*Exercise prompt*: Could every line below be transcribed exactly, with the pictures dropped?

*Data for analysis*:
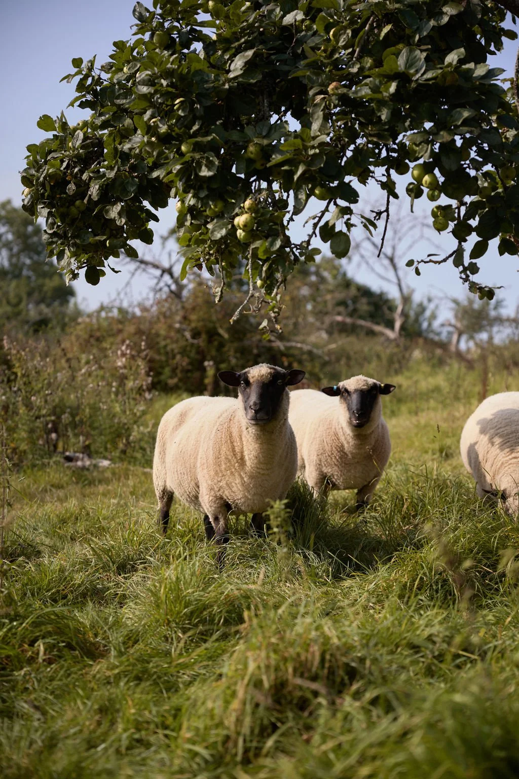 With the help of our Shropshire sheep, we collaborate with farmers across the Exe Valley in Devon to give their orchards renewed purpose. These historic spaces - often home to rare, local apple varieties - are vital to biodiversity and the preservation of traditional cider-making in England. We aim to create and maintain thriving, balanced ecosystems that support wildlife and require minimal intervention.
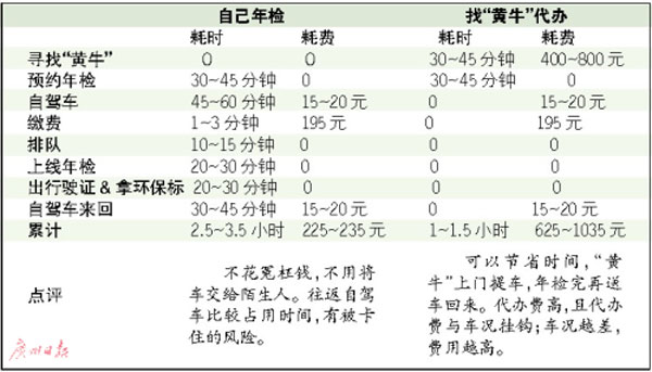 “老車”上線年檢,自己辦與找“黃牛”代辦,各自需要占用多少時間和多少支出?給“黃?!钡脑┩麇X,可不可以省下?
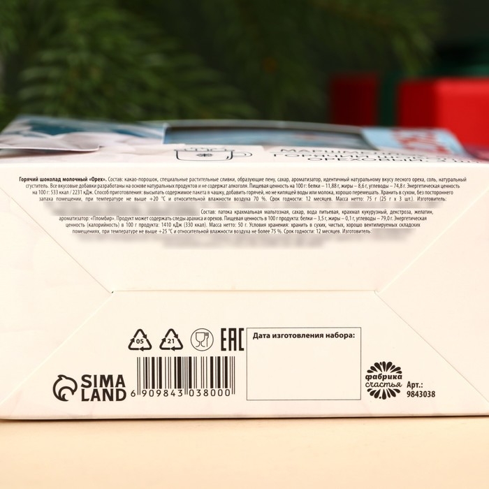 Подарочный набор «Ныряй в счастье»: маршмеллоу, вкус: пломбир, 50 г., горячий шоколад, вкус: орех, 75 г (25 г. х 3 шт).
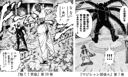 漫画でマジックを扱うのは難しいです。 トランプで敵を切り刻んだり燃やしたりする『魁!!男塾』の男爵ディーノのように、手品というか殺人奥義を繰り出すだけなら大丈夫ですが、本格路線のマジック漫画を目指すと、いわゆる「タネあかし問題」に突き当たります。 たとえば、少年ガンガンの「マジック・マスター」は、啓蒙のためのタネ明かしは必要という立場のマジシャンを監修に据え、漫画の中で本格的な手品のタネを紹介しましたが、反対の立場の人たちがこれに反発。 大阪奇術愛好会の方は、「マジック・マスター」のトレーディングカードについて次のように述べました。
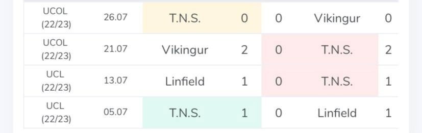 На скрине можно увидеть все фильтры выборки: только прошлый сезон и только встречи в еврокубках. У «Нью-Сейнтса» таких игр было 4: сначала в двухматчевом противостоянии он проиграл «Линфилду», а затем уступил исландскому «Викингуру». Ну и самое важное, что за 4 игры футболисты «Нью-Сейнтса» Клуб на скринах носит английское название «T.N.S». забили всего 1 гол.
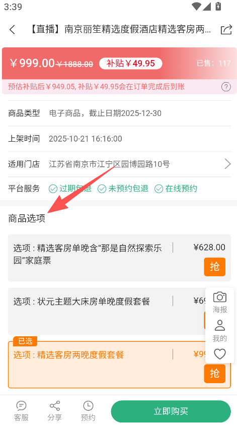 3、拥有购买消费功能,提供商品选项选择与立即购买渠道,用户完成本地服务消费,体验完整。
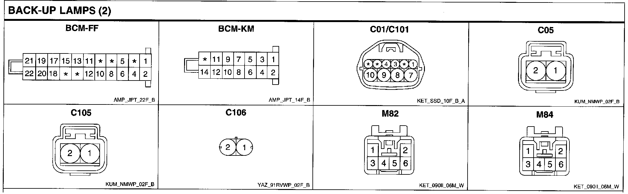 Connector Views: The Connector Pin Out Views for connectors shown on these diagrams can be found on the Connector Pin Out images that follow most sets of system diagrams.

*Result of the task*:
 With the help of our Shropshire sheep, we collaborate with farmers across the Exe Valley in Devon to give their orchards renewed purpose. These historic spaces - often home to rare, local apple varieties - are vital to biodiversity and the preservation of traditional cider-making in England. We aim to create and maintain thriving, balanced ecosystems that support wildlife and require minimal intervention.
 “老車”上線年檢,自己辦與找“黃牛”代辦,各自需要占用多少時間和多少支出?給“黃?!钡脑┩麇X,可不可以省下?
 Подарочный набор «Ныряй в счастье»: маршмеллоу, вкус: пломбир, 50 г., горячий шоколад, вкус: орех, 75 г (25 г. х 3 шт).
 漫画でマジックを扱うのは難しいです。 トランプで敵を切り刻んだり燃やしたりする『魁!!男塾』の男爵ディーノのように、手品というか殺人奥義を繰り出すだけなら大丈夫ですが、本格路線のマジック漫画を目指すと、いわゆる「タネあかし問題」に突き当たります。 たとえば、少年ガンガンの「マジック・マスター」は、啓蒙のためのタネ明かしは必要という立場のマジシャンを監修に据え、漫画の中で本格的な手品のタネを紹介しましたが、反対の立場の人たちがこれに反発。 大阪奇術愛好会の方は、「マジック・マスター」のトレーディングカードについて次のように述べました。
 На скрине можно увидеть все фильтры выборки: только прошлый сезон и только встречи в еврокубках. У «Нью-Сейнтса» таких игр было 4: сначала в двухматчевом противостоянии он проиграл «Линфилду», а затем уступил исландскому «Викингуру». Ну и самое важное, что за 4 игры футболисты «Нью-Сейнтса» Клуб на скринах носит английское название «T.N.S». забили всего 1 гол.
 3、拥有购买消费功能,提供商品选项选择与立即购买渠道,用户完成本地服务消费,体验完整。
 Connector Views: The Connector Pin Out Views for connectors shown on these diagrams can be found on the Connector Pin Out images that follow most sets of system diagrams.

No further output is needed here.